┌──
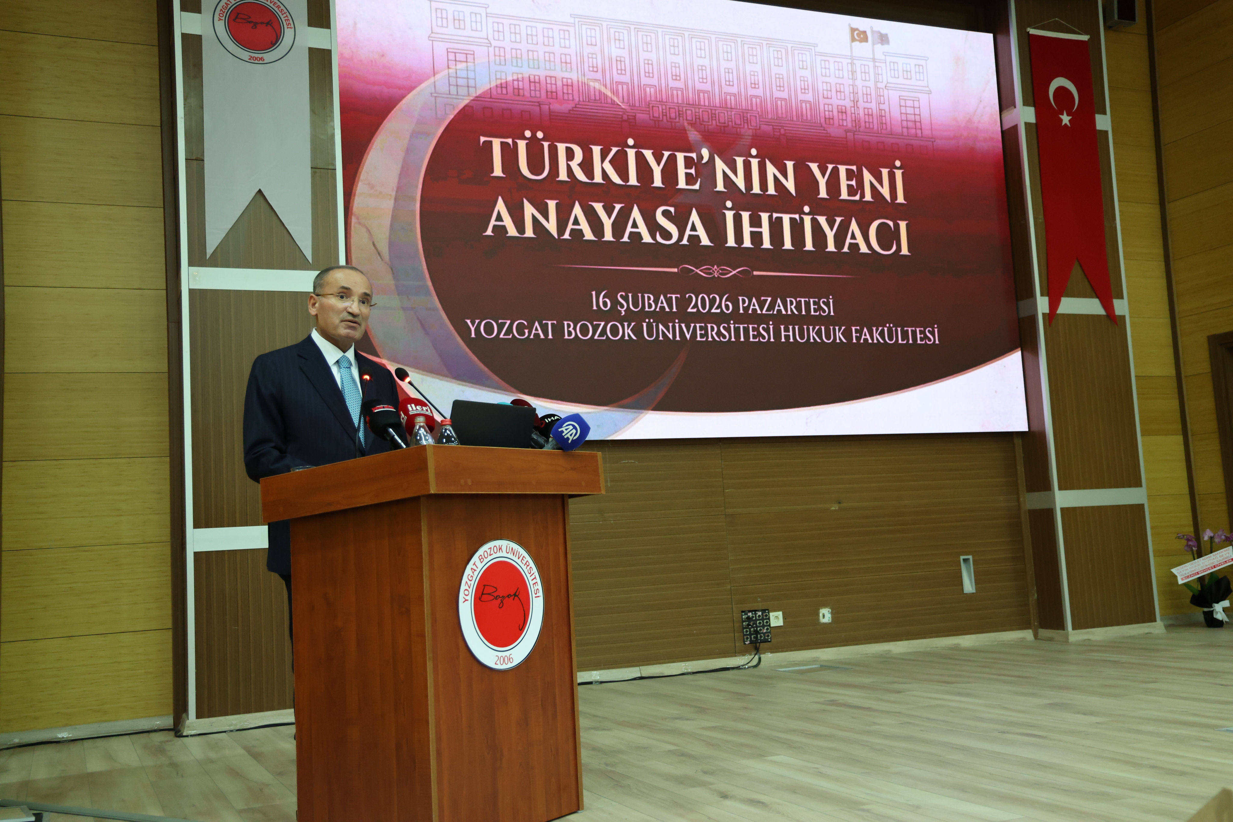 Konferansta konuşan TBMM Başkanvekili Bekir Bozdağ, yeni anayasanın Türkiye’nin değişmez ve değiştirilmesi teklif edilemez ana gündemi olduğunun altını çizerek, Türkiye’de herkesin ve her kesimin yeni anayasa ihtiyacı olduğu konusunda mutabık olduğunu söyledi.
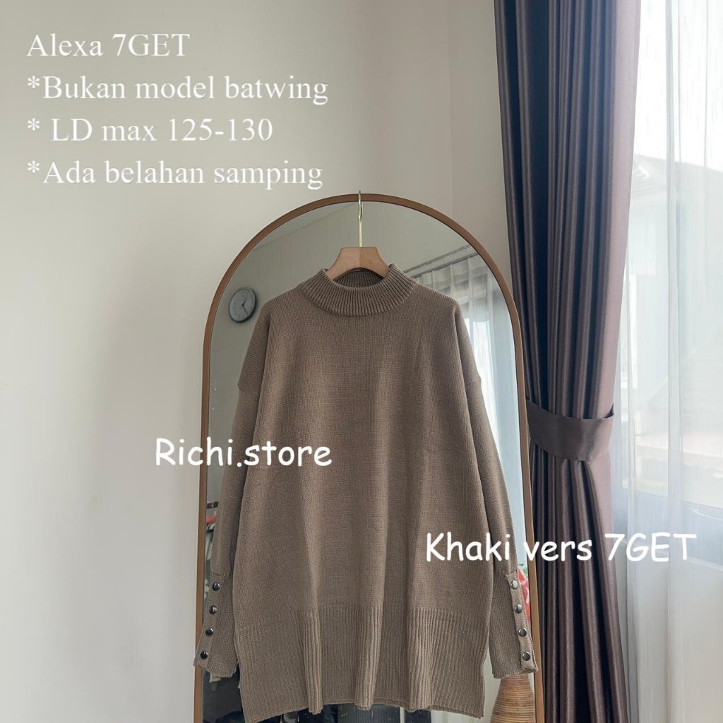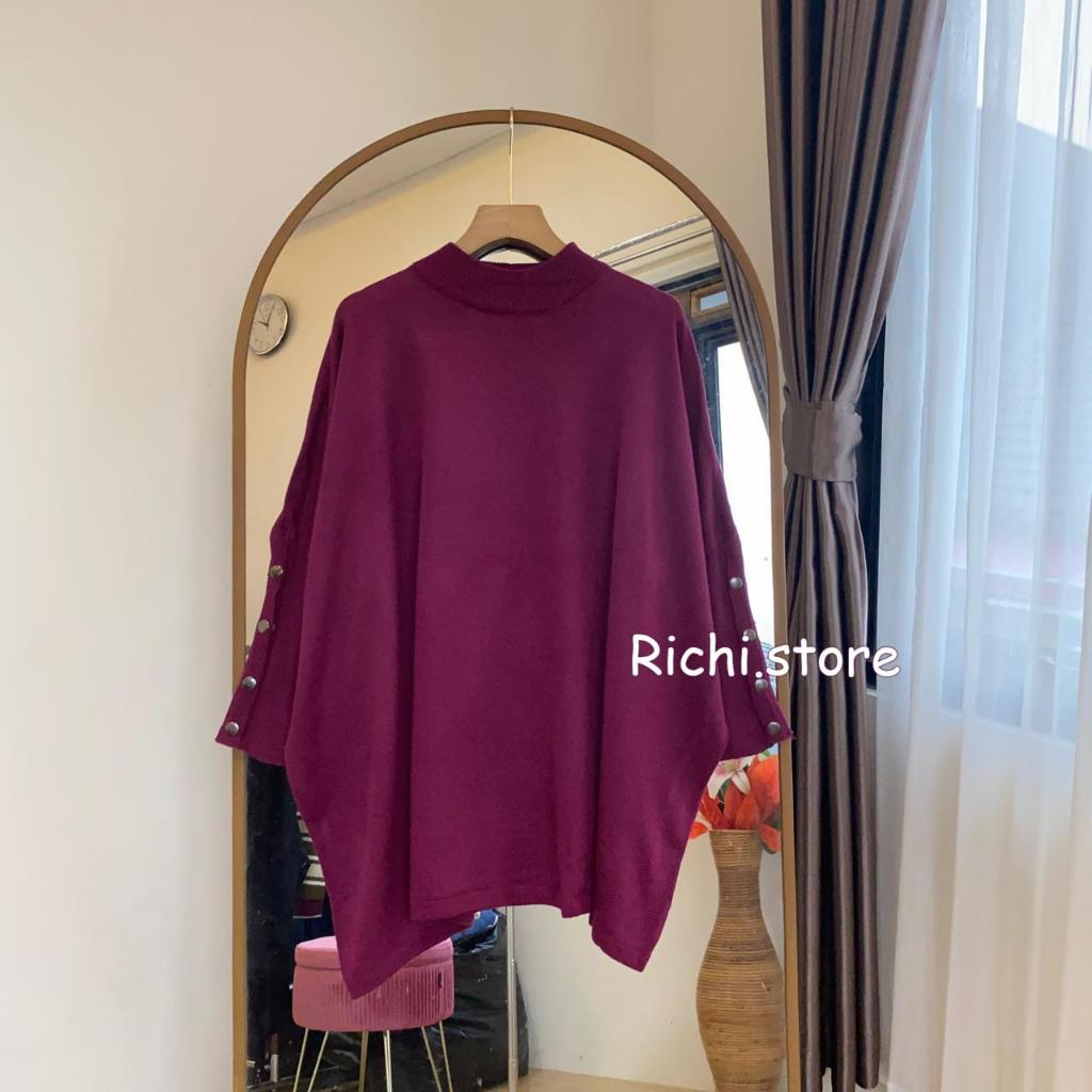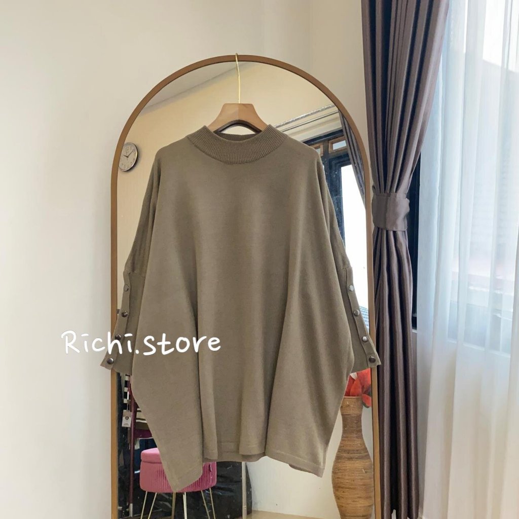 Alexa Batwing Rajut Atasan Wanita Turtleneck Lengan Kancing
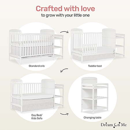 Dream On Me Anna 4-in-1 Full Size Crib & Changing Table Combo (White) for
└──
__WHAT THE TASK ASKS__
Word for word, give the listing above again, but drop any pictures.

__ANSWER FOR THE TASK__
 Konferansta konuşan TBMM Başkanvekili Bekir Bozdağ, yeni anayasanın Türkiye’nin değişmez ve değiştirilmesi teklif edilemez ana gündemi olduğunun altını çizerek, Türkiye’de herkesin ve her kesimin yeni anayasa ihtiyacı olduğu konusunda mutabık olduğunu söyledi.
 Alexa Batwing Rajut Atasan Wanita Turtleneck Lengan Kancing
 Dream On Me Anna 4-in-1 Full Size Crib & Changing Table Combo (White) for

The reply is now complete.